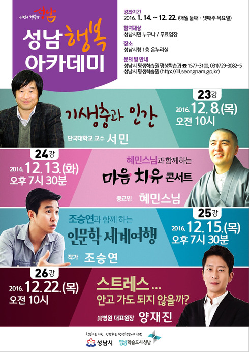 [시사인경제]성남시는 자체 설문조사에서 직접 만나고 싶은 명사로 꼽힌 혜민 스님, 조승연 작가, 양재진 원장을 차례로 초청해 시청 온누리에서 성남행복아카데미를 연다고 밝혔다.
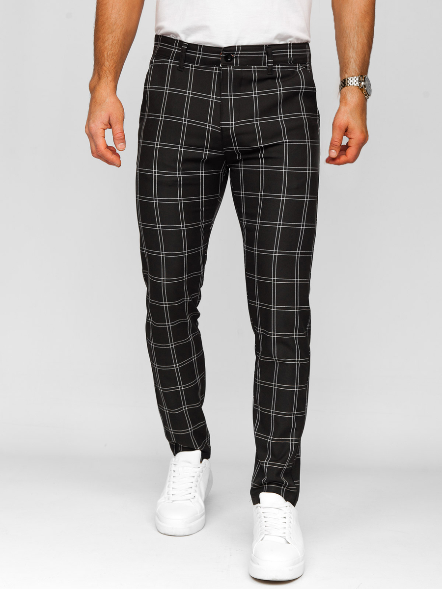 A felhasználók véleménye Fekete férfi kockás elegáns szövetnadrág Bolf 184188
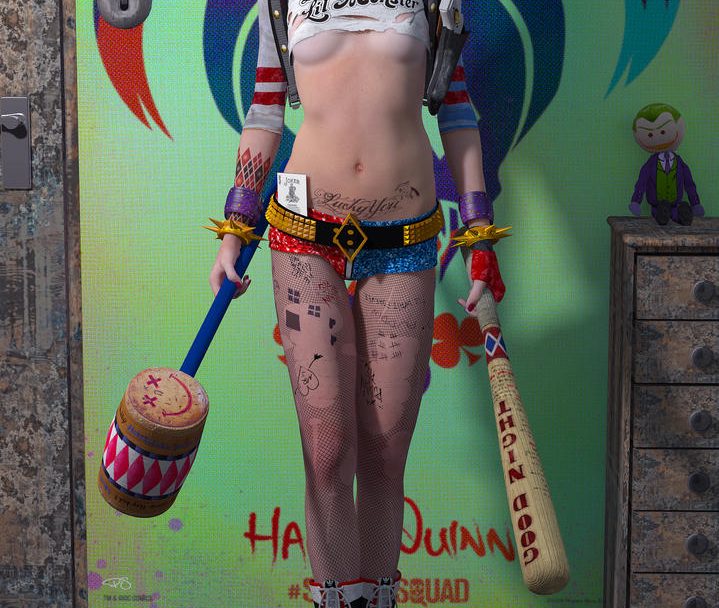 - Suicide Squad Look Overall: Emphasizes playful yet sinister aesthetics with clown-inspired makeup elements.
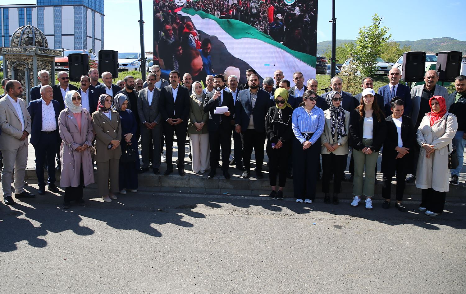 Alîkarê Serokê Bajêr ê AK Partiyê Ozan Ertaş li ser navê partiyiyan daxuyanî da û diyar kir ku Îsraîl salek e sivîlan dike hedef û guh nade hiqûqa navneteweyî.
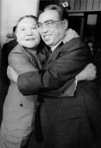 1982年,鄧小平與來訪的金日成熱烈擁抱。
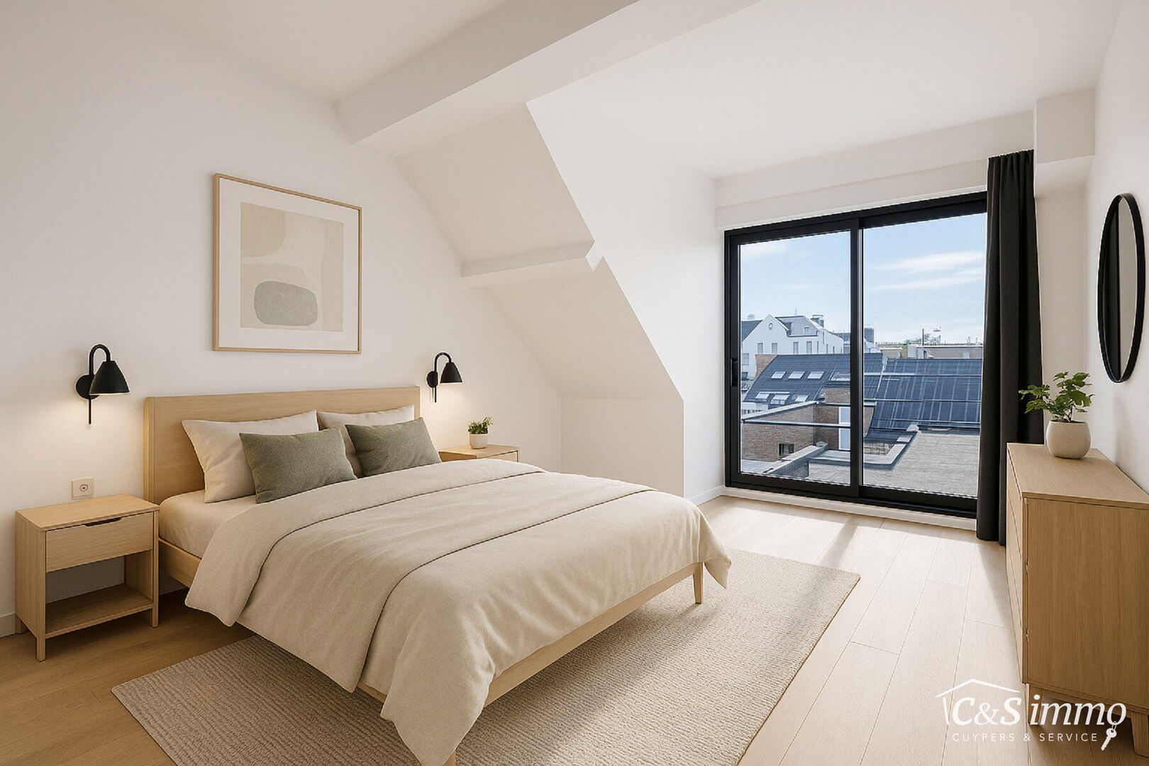 Tip top afgewerkt duplex appartement met 2 slaapkamers. Dit appartement biedt een perfecte balans tussen comfort en stijl, gelegen in de levendige en vernieuwende wijk Stuivenberg. Bij binnenkomst inkomhal met een apart toilet. De lichtrijke leefruimte op parket van ca. 29m² aan de straatzijde biedt een sfeervolle omgeving om te ontspannen. Volledig uitgeruste luxueuze leefkeuken (ca.13m²). Aparte berging en apart toilet. De moderne ingerichte douchekamer is voorzien van een ruime douche en stijlvol badkamermeubel.
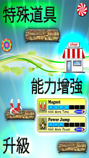 你的任務是跳的越高越好,並盡可能收集許多的糖果你可以.收集越多糖果越好,因為它們可以解開特殊的升級功能,更多跳躍者和其他未知的世界.
- - - - - - -
- _TASK STATEMENT_: Leaving all pictures out, output exactly the lines of the material above from the line with "Alîkarê Serokê Bajêr" to the line with "1982年,鄧小平與來訪的金日成熱烈擁抱。", both included.

- _TASK OUTPUT_:
 Alîkarê Serokê Bajêr ê AK Partiyê Ozan Ertaş li ser navê partiyiyan daxuyanî da û diyar kir ku Îsraîl salek e sivîlan dike hedef û guh nade hiqûqa navneteweyî.
 1982年,鄧小平與來訪的金日成熱烈擁抱。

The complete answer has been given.